Usually causes a medium spike

4

Avg. Food Score on Ultrahuman App

100%

Ultrahuman Users got an UNSTABLE response

How to consume chapati, dal yellow, english okra stir fry without glucose spikes

Portion Control

Start by reducing the serving size of chapati, dal, and okra. Smaller portions can help manage glucose levels more effectively.

Choose Whole Grains

Opt for whole wheat chapati instead of refined flour chapati. Whole grains digest more slowly, leading to a steadier rise in blood sugar.

Add Fiber-Rich Vegetables

Include additional fiber-rich vegetables like spinach, broccoli, or bell peppers in your meal. These can slow down the absorption of sugars.

Incorporate Healthy Fats

Add healthy fats such as avocado, nuts, or seeds to your meal. These can help stabilize blood sugar levels.

Include Lean Protein

Add a source of lean protein, like grilled chicken or tofu, to your meal.

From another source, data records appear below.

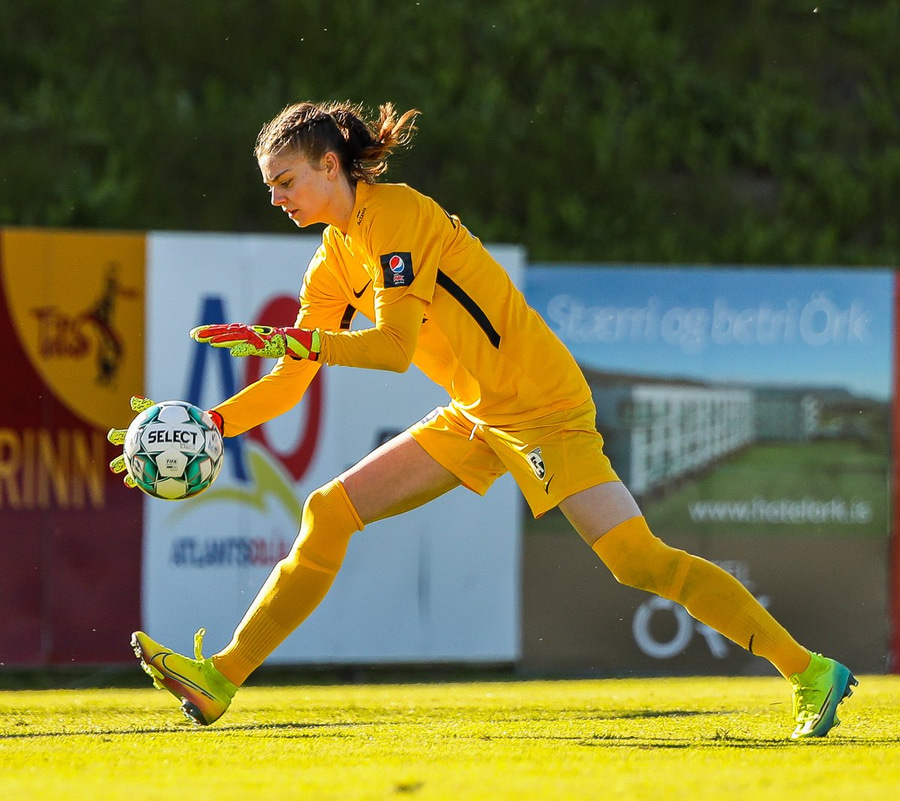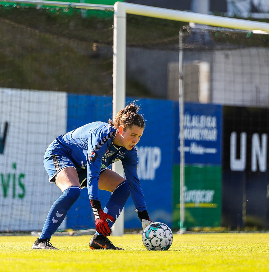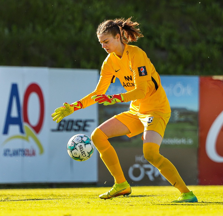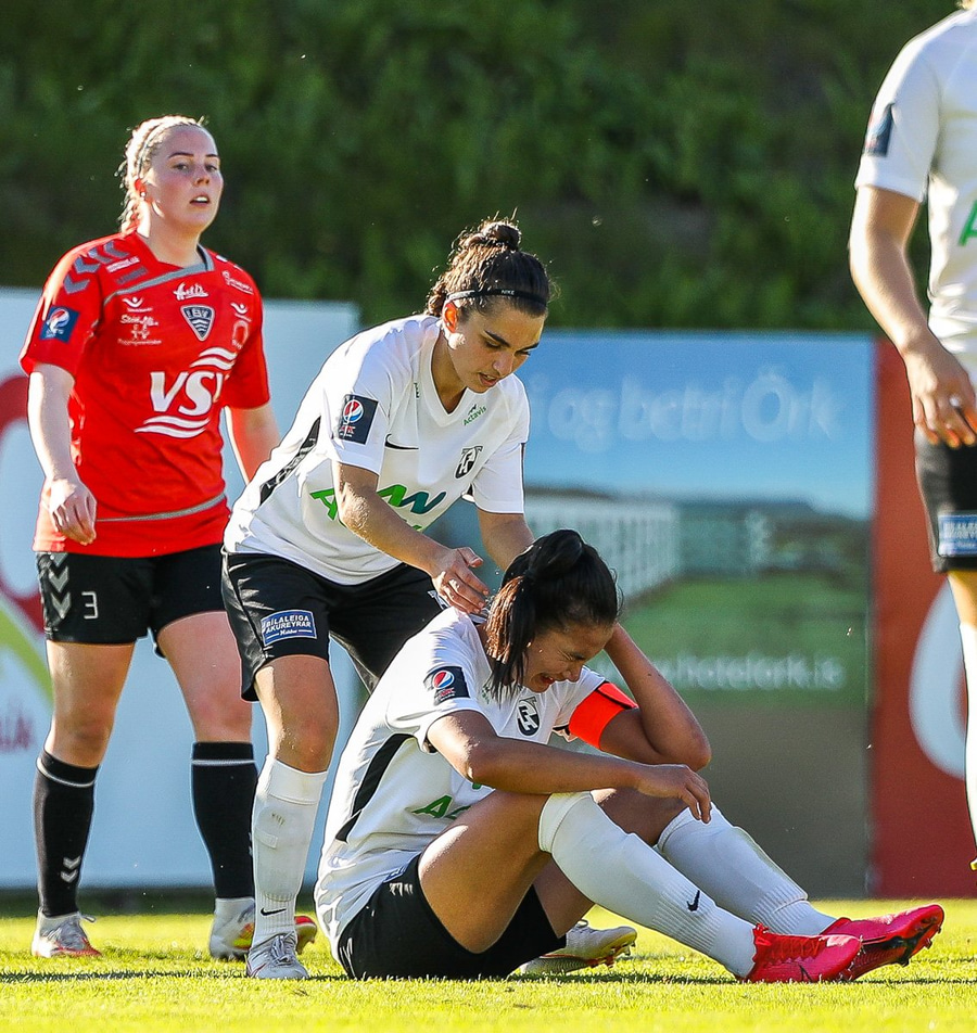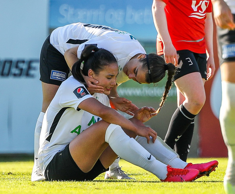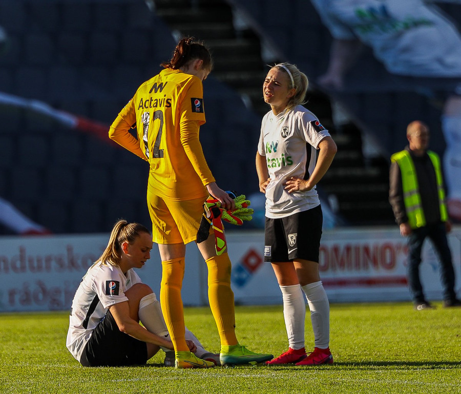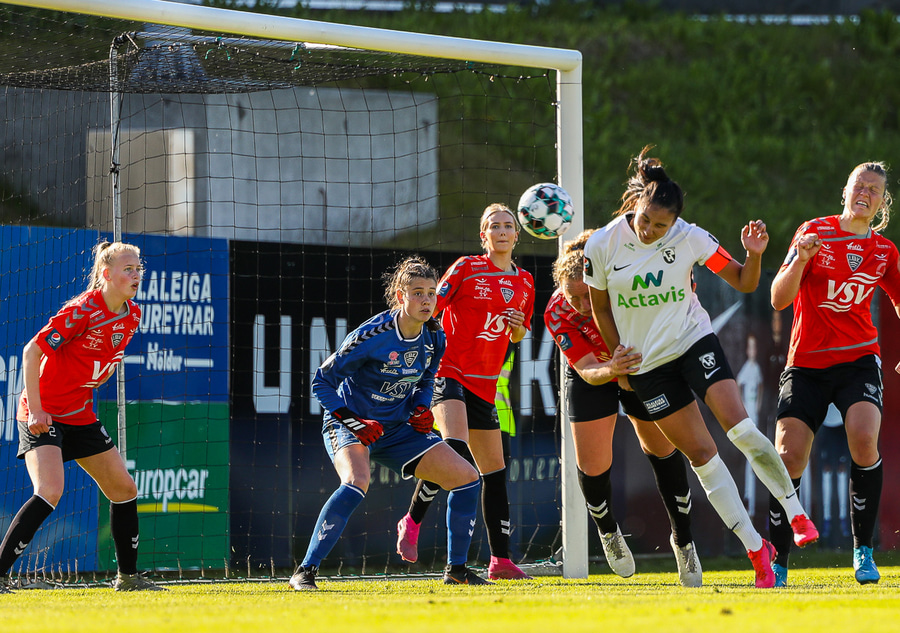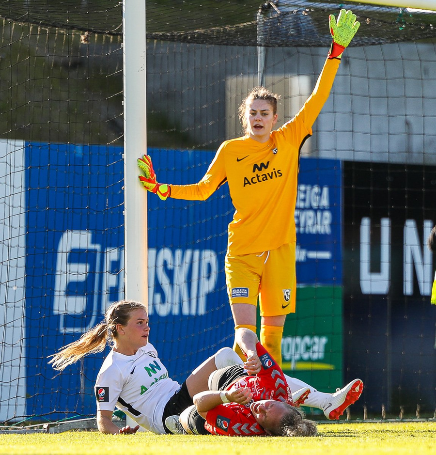 Olga reynir fyrirgjöf sem fer beint í hausinn á Ingibjörgu af stuttu færi. Hún steinlá en er fljót að standa upp aftur. Vonandi er allt í lagi með hana.
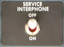 ![]() Service InterphoneThe switch on the aft overhead panel activates the external jacks to the service interphone system. Normal internal service interphone operation is unaffected by switch position. |
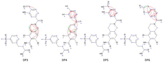 The NMR analysis of the oxidative extended degradation mixture (Supplementary Materials, Section S3.1) revealed at least five compounds structurally similar to LIF (Figures S3–S7). Among these, the structures of DP3, DP4, DP5, and DP6 were determined (Figure 2 and Figures S18–S21 (NMR)), while the remaining component(s) could not be identified due to their low molar content and significant spectral overlap.
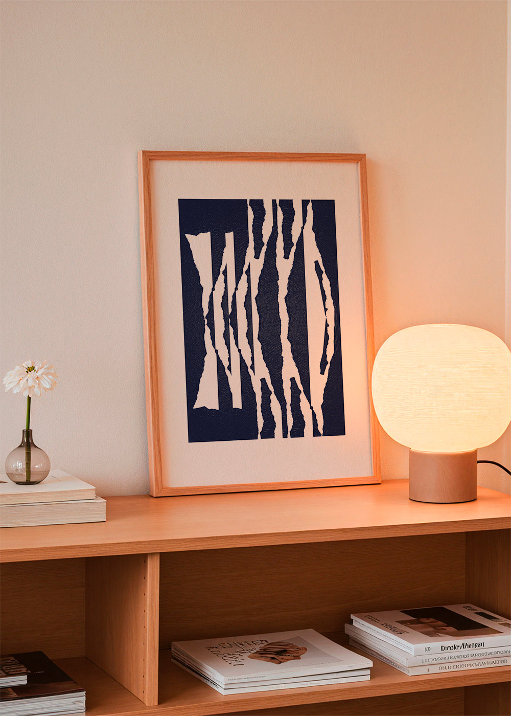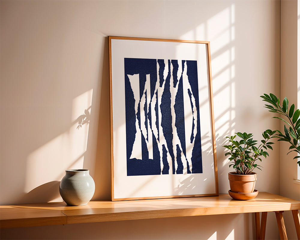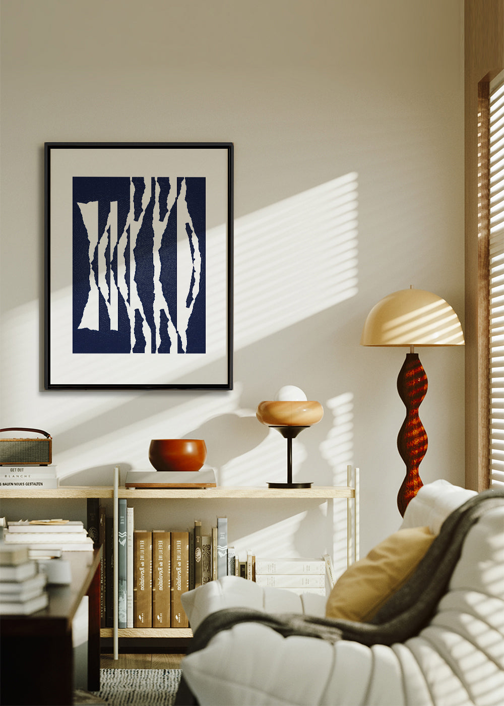 Schönes Designs inspiriert durch die Kollektion von poster abstrakt, von Anna Mainz, mit Schattierungen Blau, und mit Bildposition Vertikal. Abstrakte Einrichtungen sind ideal für alle die einen originellen Stil bevorzugen. Unverfälschte Kunst und authentisches Design. Das Wandbild wird mit weißem Bilderrahmen geliefert, der das Kunstwerk richtig in Szene setzt.
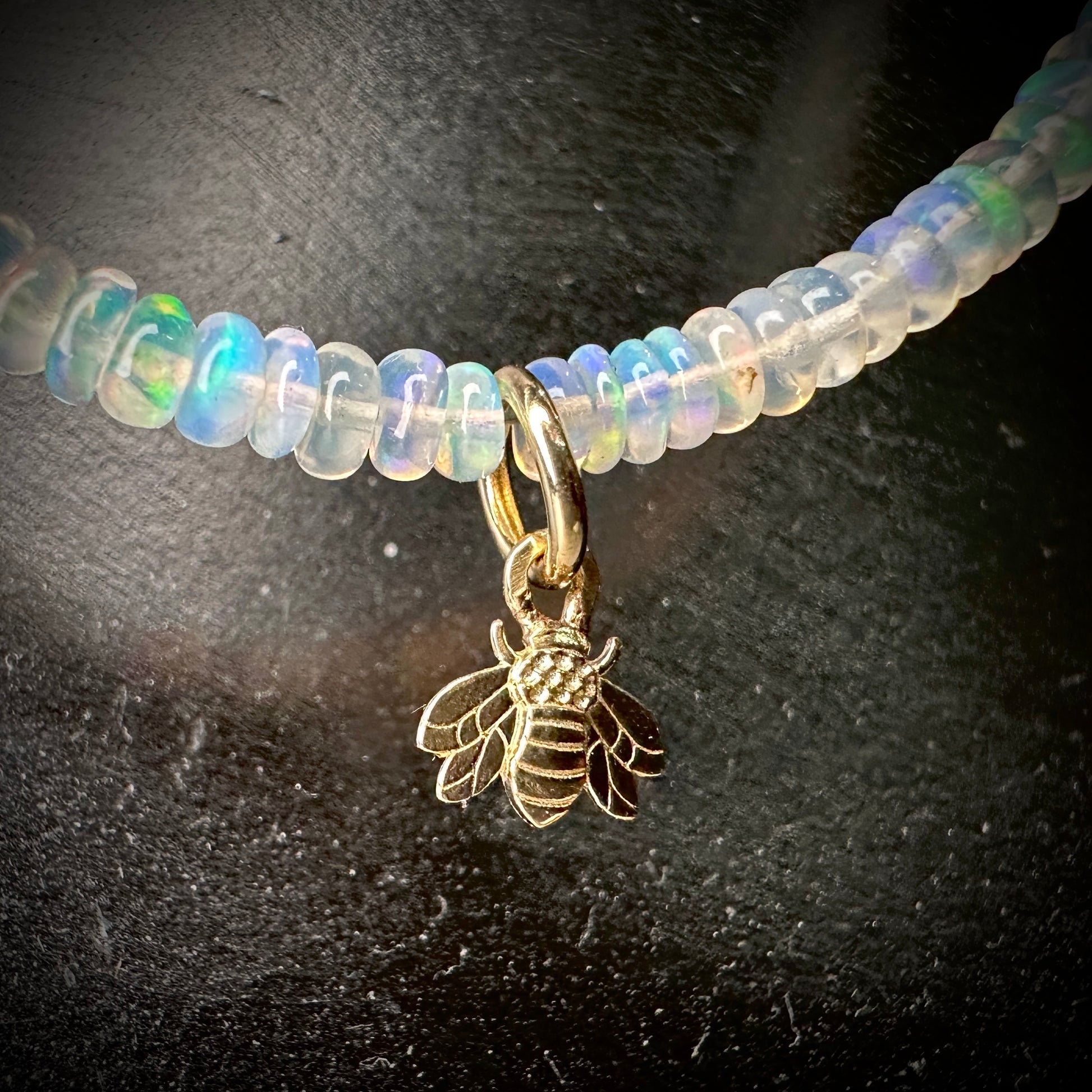 This charming honeybee, crafted from solid 14k yellow gold, makes a stunning pendant on any chain or a delightful new addition to your charm bracelet.
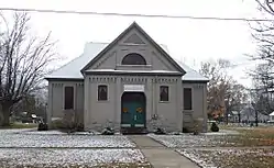 Inside are two rooms, both 27 feet by 33 feet. A small kitchenette is in the rear, and the building contains bathrooms and a coatroom.[3]
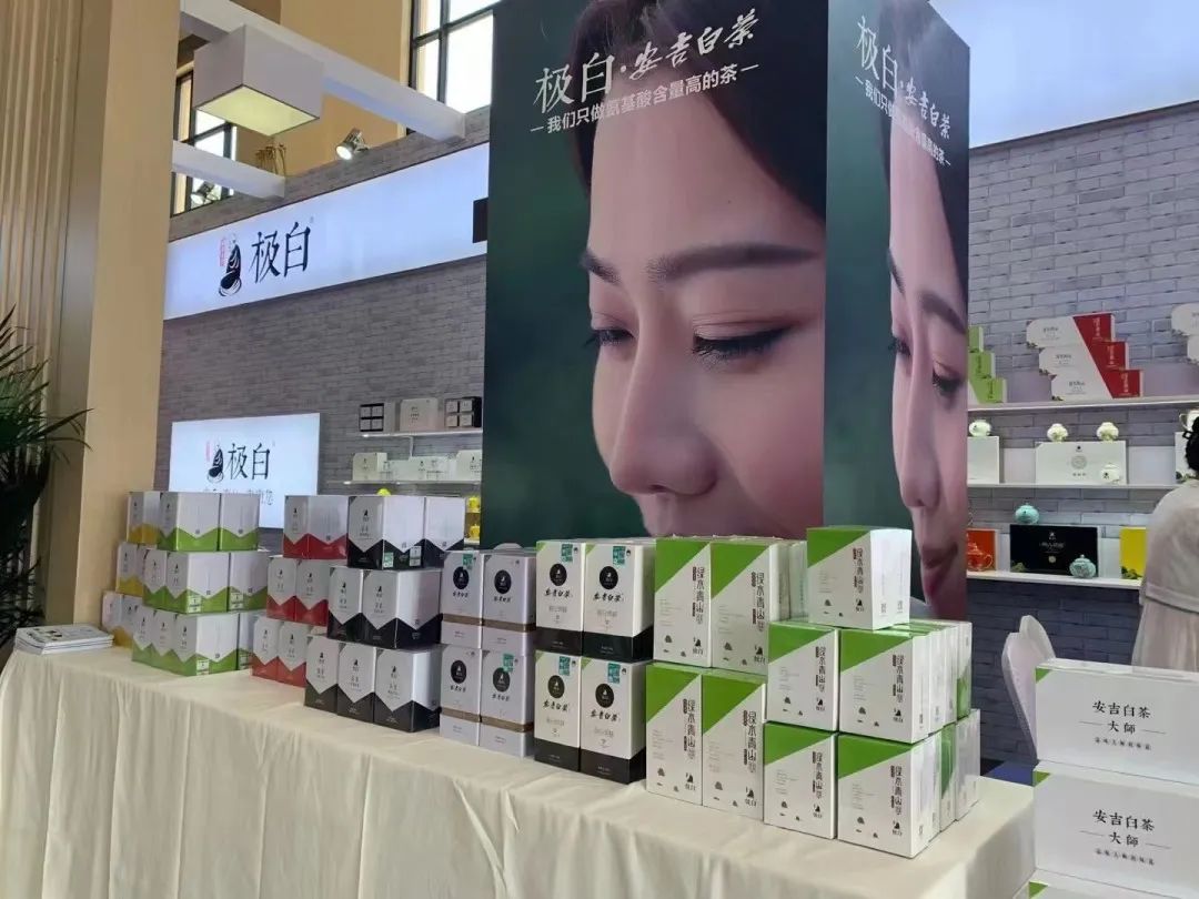 极白新品——采用传统和创新窨花工艺制成的茉莉花茶”茉莉天香“,”茉莉甘雪“,2022迪拜世博金奖产品”极白庄园·中国礼“系列,以及极白热销产品”茶宴“”绿水青山“”大师极白“”先生礼“等集中展现,众多极白的经典产品亮相展会,吸引一大批逛展茶客前往打卡、品鉴。
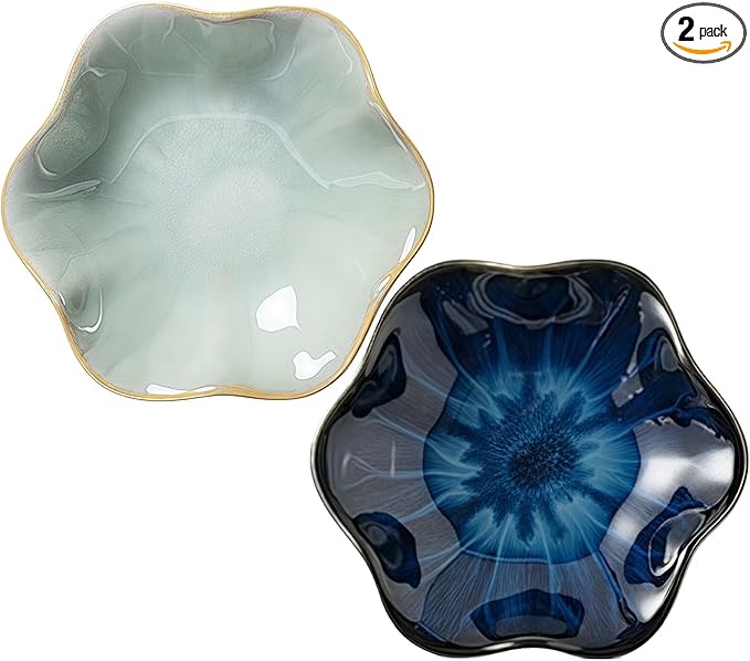 2Pcs Ceramic Jewelry Dish - Lotus Leaf Shape, for Ring Holder Necklace Small Key, Suitable for Mother Friend Sister, Gifts for Women, Cute Plate Trinket Tray, Home Decor (Green & Blue)
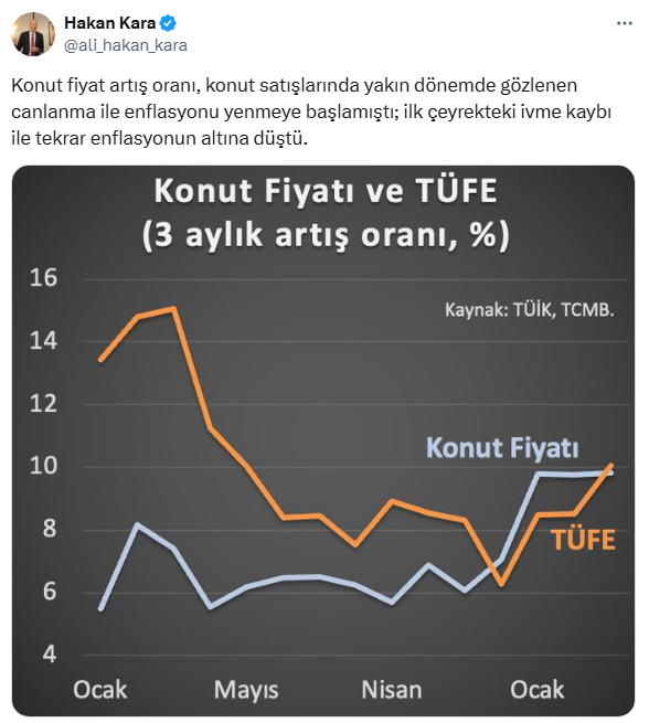 TCMB eski başekonomisti Prof. Dr. Ali Hakan Kara, sosyal medya hesabından konut fiyat endeksi verilerini değerlendirdi.
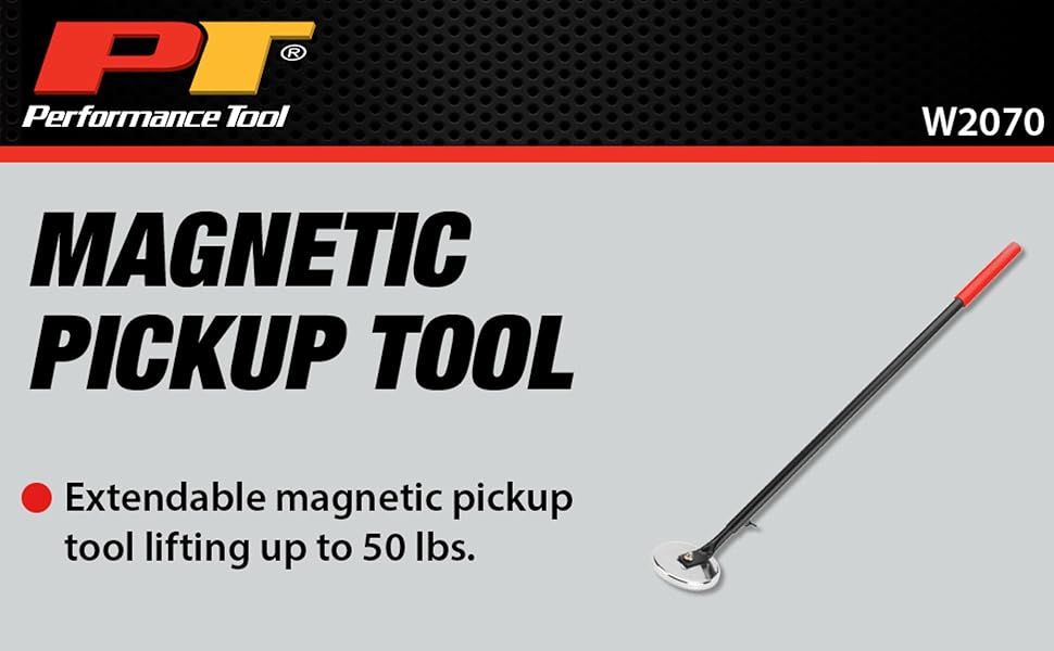 The Performance Tool W2070 is a hand-powered, extendable magnetic pickup tool featuring a strong 50-pound lifting capacity, a comfortable rubber handle, and a 3-inch magnetic head. Its telescoping design extends from 24 to 38 inches, making it ideal for retrieving ferrous metal objects in tight or hard-to-reach spaces.

Protein can help balance your blood sugar response.

Cook with Minimal Oil

Use minimal oil when preparing your dishes. This prevents excess calorie intake, which can contribute to blood sugar spikes.

Stay Hydrated

Drink plenty of water throughout the day. Staying hydrated can help regulate blood sugar levels.

Limit Added Sugars

Be mindful of added sugars in your meals. Avoid adding sugar to your dal or okra stir fry.

Eat Slowly and Mindfully

Take your time to chew your food thoroughly and enjoy your meals. Eating slowly can help regulate the digestive process.

Eat Meals at Regular Intervals

Avoid skipping meals and try to eat at regular intervals to maintain stable blood sugar levels throughout the day.